Thursday, May 28, 2009

Bill Gates wants you dead


Throw me a frickin' bone here. It's "population control," OK?

A bunch of billionaires just met in some dark corner recently to discuss how they can pool their limitless resources to reduce the number of people breathing air on planet earth.

The result...
There was “nothing as crude as a vote” but a consensus emerged that they would back a strategy in which population growth would be tackled as a potentially disastrous environmental, social and industrial threat.

“This is something so nightmarish that everyone in this group agreed it needs big-brain answers,” said the guest. “They need to be independent of government agencies, which are unable to head off the disaster we all see looming.”

Hey, it's all fun and games until someone loses a few billion lives.

But why meet under multiple layers of secrecy?

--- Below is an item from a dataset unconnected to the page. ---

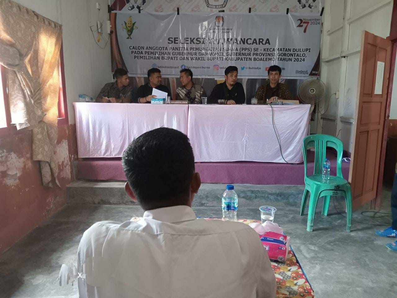 ERAPENA.COM- Panitia Pemilihan Kecamatan (PPK) Dulupi, Kabupaten Boalemo, Gorontalo, menggelar tes wawancara kepada calon Anggota Panitia Pemungutan Suara (PPS) pada Pilkada 2024, bertempat di Sekretariat PPK, Rabu 22 Mei 2024.

It seems they wanted "to speak rich to rich without worrying anything they said would end up in the newspapers, painting them as an alternative world government."

Totally. Wouldn't want to start any crazy conspiracy theories or anything. Might interfere with all the plans for global control of human destiny.

Bible study banned in San Diego County


Home is where the heart government is.

Holy shoot... I'm getting nervous over here. Seems like they're gunning for believers like never before -- outside the Roman Colosseum anyway.

Is planetary colonization available yet? Suddenly I'm dreaming of a shiny, solid-fuel rocket with "Mayflower II" stenciled on the side.

Tuesday, May 19, 2009

Networks announce fall shows


Wasteland

The season finales of everything worth watching are now behind us. (Don't get me started on the sucktacular mess that was '24' this season.)

And while I'm still reeling from the tragic loss of 'The Unit' from CBS's 2009 fall lineup, I'm prepared to move on with my life and start seeing other shows -- after a long and glorious summer of baseball, of course.

The short version on what the networks have going on? NBC and Fox are going down in flames, CBS is running on the fumes of past hits, and ABC is looking real, real good. Assuming your definition of "real, real good" is maybe three shows Splash might bother taking for a test drive.

"Flash Forward," "V," "Happy Town" (all ABC), "The Human Target" (Fox) and "Day One" (NBC's 'Lost?') are pretty much all I'm interested in sampling at this point. And I'm secretly hoping they all stink, because I watch too much TV already.

Now excuse me while I resume my email campaign to save 'The Unit' or revive it on another network.